My dear friends,
How I have enjoyed reading all of your posts! I am so thrilled for all of you, and miss you dearly especially now as I am finding the adjustment from Gordon back to IL a rockier one than I had expected. Being so immersed in the honest Christian community of Gordon and coming back to the dark lack of God in most of my friendships home have made me realize how naive I can be. This morning, I'm afraid was terribly discouraging, and yet, I know that God is keeping me close in His hand--despite my failings. I met with a dear childhood friend today and watched as she laughingly told me of her walk down an ever darkening path. What could I do? What could I say?? She was so desperate for affirmation, for respect and love from me. I sat there, nodding and smiling while feeling a horrible gloom fall over our conversation. Should I have rebuked her? Should I have put my foot down and told her all that she was doing to herself? I didn't know. I still don't know. Right now I just want to wrap her in my arms and cry my heart out. But, I know that God is good and that in the midst of the darkness He was there and working in some mysterious way. Oh how truly great He is! I couldn't imagine life without His presence. How empty. How purposeless. Perhaps that is the reason I am finding it so difficult to spend time with my friends. There is so much I want to say to them, I want to ease their pain so very much, but they don't seem to care and I don't know what to do.
Despite this, being home and with my family has really been encouraging and delightful. My sister and I took a bike ride at sunset last evening. We played we were on motorboats instead of bicycles like we did when we were little. We refueled by riding through puddles, and stopped by a nearby park to swing. It was one of those delicious summer evenings--the air saturated with water and warm, but not hot.
At night, when I get back home from work, I like to turn on some music and paint or work on some little project. I'm just finishing up a painting that's new and I'm excited because I've never done anything like it before. It was inspired by my dad and a conversation we had about community. He reminded me of a beautiful verse in Acts about people meeting together with purpose and heart.
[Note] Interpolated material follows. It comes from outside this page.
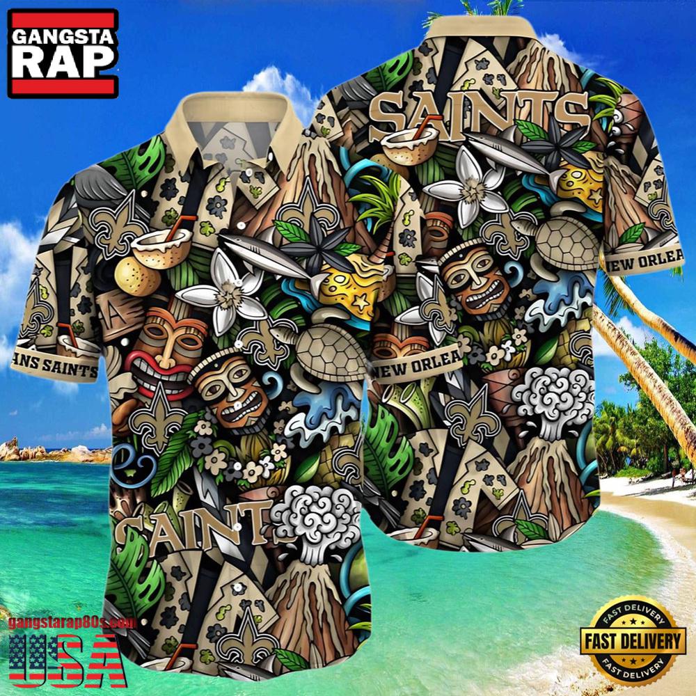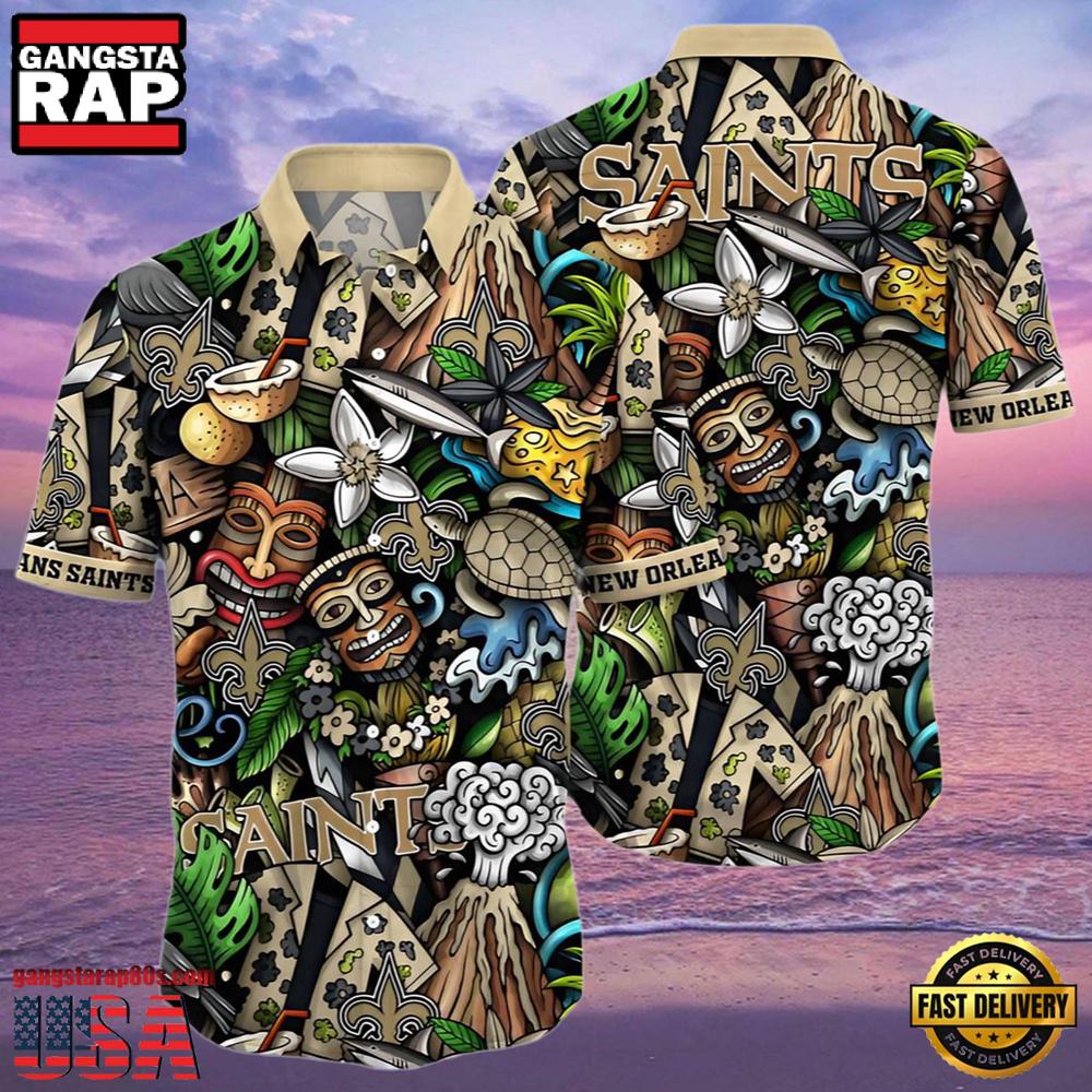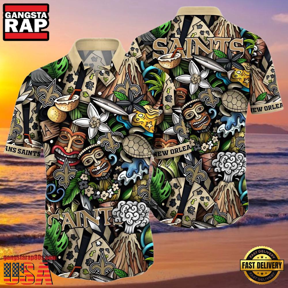 Photos Of NFL New Orleans Saints Hawaiian Shirt Design Island Tiki

My brother Michael will be visiting in about a week! We are all eagerly awaiting his arrival and are planning a day at the beach in New Buffalo. We have our usual rituals of Oink's ice cream and Frisbee in the water. Also, I'm hoping to drive down to cornerstone for a day or possibly two! It isn't for sure yet since I still have to sort some things out with my boss. I would LOVE to see MeWithoutYou, but more than that, I would really love to see YOU Hannah Jeane! :)
Well, dear dear ones, thank you so very much for your precious friendship. I love you so!